We’re open to adding more courses to this list (to suggest a course, email john.emerson@yale.edu). Courses in this category should expose students to how data is gathered and used within a discipline. They should not be introductory statistics or probability courses within that discipline, nor should they be courses that focus on statistical methods for analyzing data that has already been cleaned. They should be courses that teach students about the use of data within the domain, including issues of data collection and handling messy data.  Examples of courses that might be terrific courses but do not satisfy the requirements of the “Data Science in a Discipline Area” include: BENG 449, BIS 633, CPSC 150, CPSC 477, EENG 439, EP&E 336, FES 611, GLBL 550, PLSC 349, SOCY 133, …
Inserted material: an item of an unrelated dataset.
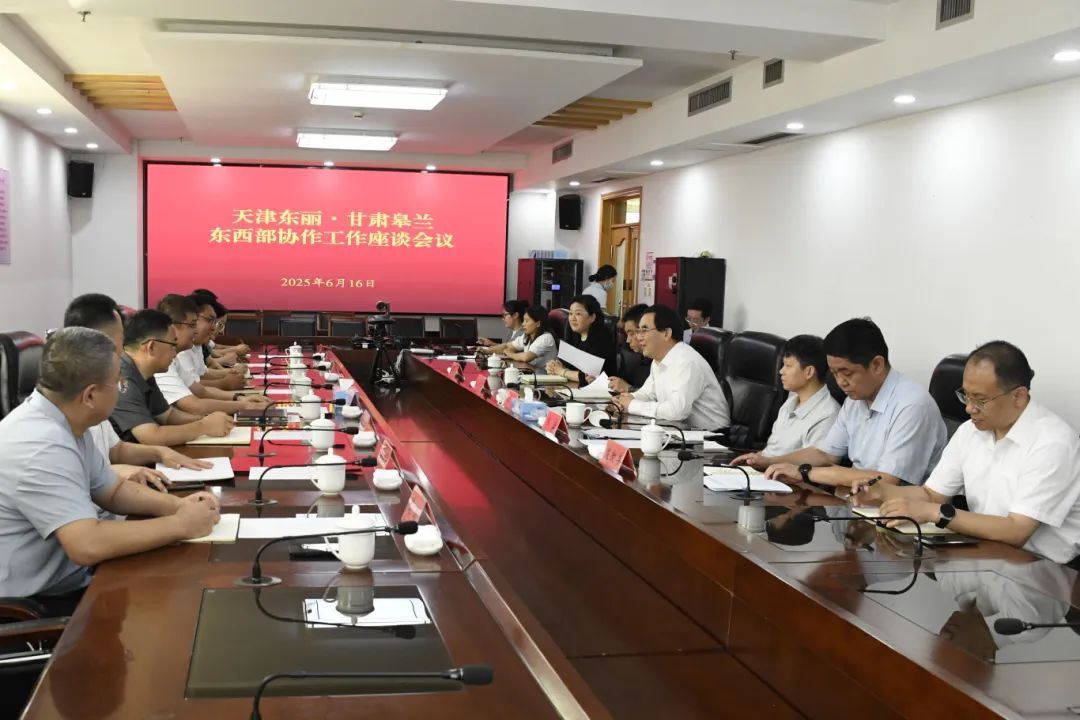 6月16日,天津东丽·甘肃皋兰东西部协作座谈会召开,畅叙合作友情,共商协作大计。USDT博彩平台 委副书记、区长李春,区委常委、副区长张磊,皋兰县委副书记、县长沈毅,县委常委、副县长姜勇志出席。

Restrictions, suggestions, and caveats:

  1. The department recommends that most students take a 100-level course (some may take 220), followed by 238 or 240, 230, and one of 361 or 363.
  2. Students considering majoring in Statistics and Data Science should be very careful about which courses they take.  Some courses that count towards the certificate (right now 240) do NOT count towards the major.
  3. Students may not count courses toward both their major and the certificate.  If a course in the certificate is required by a student’s major, then the student should substitute a different course in the certificate.
  4. S&DS Majors may not pursue the Data Science certificate.